● **ACTION ITEM**
Give the whole listing below once more, exactly, without pictures.

● **INFORMATION SHOWN**
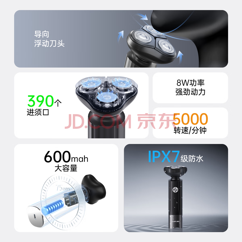 商品相册:康夫(CONFU)剃须刀电动刮胡刀男士礼物快充全身水洗干湿两用便携式三刀头胡须刀送男友G1暮夜黑新年礼物第
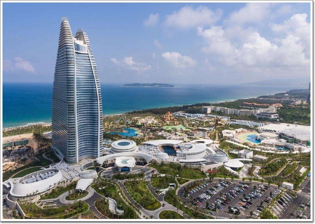 亞特蘭蒂斯度假酒店坐落在三亞海棠灣濱海岸線中部,占地54萬平方米,包括一座超高層(詞條“超高層”由行業(yè)大百科提供)酒店塔樓(詞條“塔樓”由行業(yè)大百科提供)和兩層商業(yè)裙樓,主塔高227.5米,共49層,是三亞最頂級的七星級酒店。酒店延續(xù)之前的傳統(tǒng)以海洋為主題,標志性的水底套房、大型水族館和水世界冒險樂園都一同來到中國。這是世界上第三座亞特蘭蒂斯,也是國內(nèi)第一座集海洋文化、會演等 8大業(yè)態(tài)為一體的奢華酒店,是海南地標(詞條“地標”由行業(yè)大百科提供)性建筑。
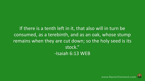 If there is a tenth left in it, that also will in turn be consumed, as a terebinth, and as an oak, whose stump remains when they are cut down; so the holy seed is its stock.” -Isaiah 6:13 WEB
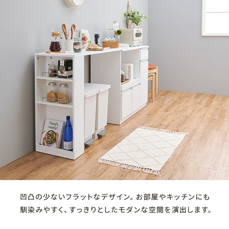 素材 主材:プリント紙化粧パーティクルボード、天板・スライド棚:合成樹脂化粧パーティクルボード、取手:スチール

● **TASK RESULT**
 商品相册:康夫(CONFU)剃须刀电动刮胡刀男士礼物快充全身水洗干湿两用便携式三刀头胡须刀送男友G1暮夜黑新年礼物第
 亞特蘭蒂斯度假酒店坐落在三亞海棠灣濱海岸線中部,占地54萬平方米,包括一座超高層(詞條“超高層”由行業(yè)大百科提供)酒店塔樓(詞條“塔樓”由行業(yè)大百科提供)和兩層商業(yè)裙樓,主塔高227.5米,共49層,是三亞最頂級的七星級酒店。酒店延續(xù)之前的傳統(tǒng)以海洋為主題,標志性的水底套房、大型水族館和水世界冒險樂園都一同來到中國。這是世界上第三座亞特蘭蒂斯,也是國內(nèi)第一座集海洋文化、會演等 8大業(yè)態(tài)為一體的奢華酒店,是海南地標(詞條“地標”由行業(yè)大百科提供)性建筑。
 If there is a tenth left in it, that also will in turn be consumed, as a terebinth, and as an oak, whose stump remains when they are cut down; so the holy seed is its stock.” -Isaiah 6:13 WEB
 素材 主材:プリント紙化粧パーティクルボード、天板・スライド棚:合成樹脂化粧パーティクルボード、取手:スチール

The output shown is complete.